If you're taking the cavalier vibe-coding approach, you aren't even considering these nuances, let alone expressing them to the LLM. It doesn't matter how good your LLM model is, or how good they become in the future: if you don't express what you want in clear and complete terms, you aren't going to get what you want. Most of the real work of programming is consumed by dealing with all of the obnoxious edge cases that an untrained mind wouldn't even notice.
There are many workflows that can improve the utilization of AI agents. As a baseline for getting started, we recommend the following workflow:
- Create a requirements file for a feature.
- Generate code to fulfill the requirements file.
- If something about the new code is incorrect or insufficient, modify the requirements file to increase clarity or completeness.
- Repeat 2-3 until the feature is satisfactory.
This is another big paradigm shift. Never write code that isn't directly necessitated by a requirements file. First change the requirements file, then write the code (either manually or with LLM assistance). The requirements files must form a complete description of the project that is sufficient to reproduce the behavior of the code from scratch, including full handling of edge cases and unhappy paths. If the source code doesn't agree with the requirements, the code is wrong. In practice, this means that as a single-contributor developer, you must follow the sorts of formal design processes normally associated with management of a human development team. The primary difference is that an LLM is doing the grunt work.
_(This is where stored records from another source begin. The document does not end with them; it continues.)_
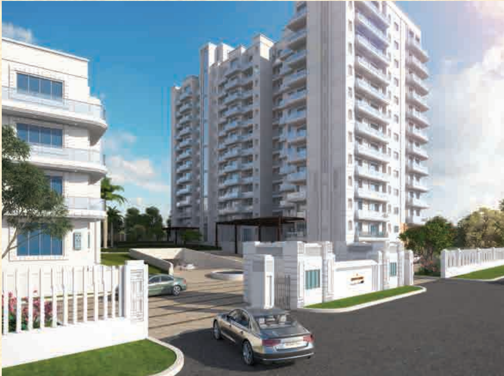
Entrance - Perspective view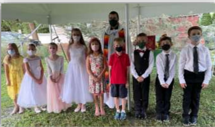
First Communion Service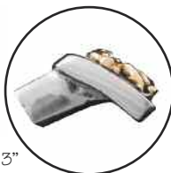
San Michele P1250 Length(s): 3"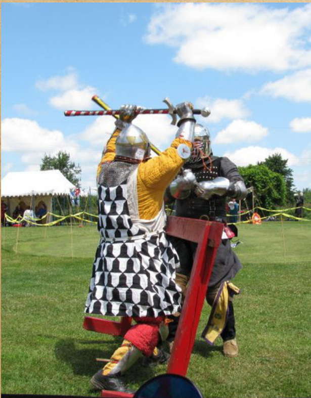
Earl Sir Yngvar the Dismal and Lord Gwydion of Arden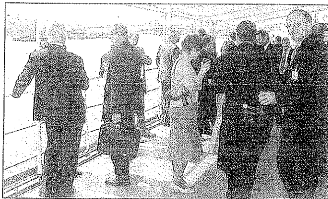
SP12 Launch - HQS Wellington

There were concerns about the impending shortage of foreign labour as the existing Eastern European employees are returning home rich and able to jump in and make large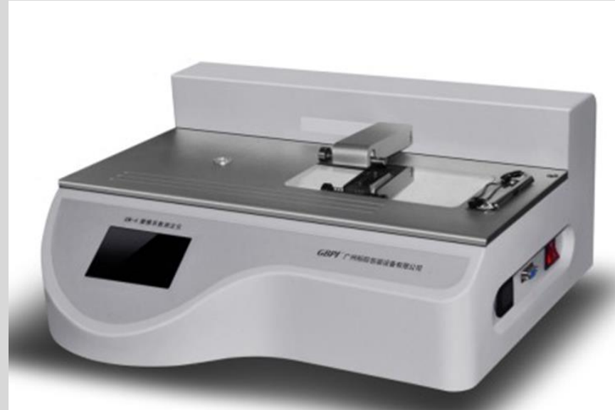
GM-4 Coefficient of Friction Tester

GBPI was established in 2002 and is located in Guanzhou Economic Development Zone. It is an enterprise integrating R&D, production, and sales of packaging instruments, packaging equipments, and provides third-party testing and standard material capability.

One of the primary disadvantages of working with lower-level languages is that the up-front cost of writing an initial solution is higher. With an LLM doing much of the work, this disadvantage is substantially mitigated; meanwhile, the benefits of having compile-time validation of the LLM agent's work is massive. When working with a compiled code, LLM agents can automatically attempt to compile the code, and then iteratively make any necessary corrections until all compiler errors and warnings are resolved. Many of these same errors would not be caught until runtime when using an interpreted language such as Python or Ruby, and runtime errors are much trickier for both humans and LLMs to notice and debug.
Having said this, many low-level compiled languages, including C and C++, introduce another major headache in the form of memory bugs. These sorts of bugs are easy for both humans and LLMs to accidentally introduce, while being notoriously difficult to identify or debug. This makes memory-safe languages, such as Rust, especially appealing for the purpose of LLM-assisted work.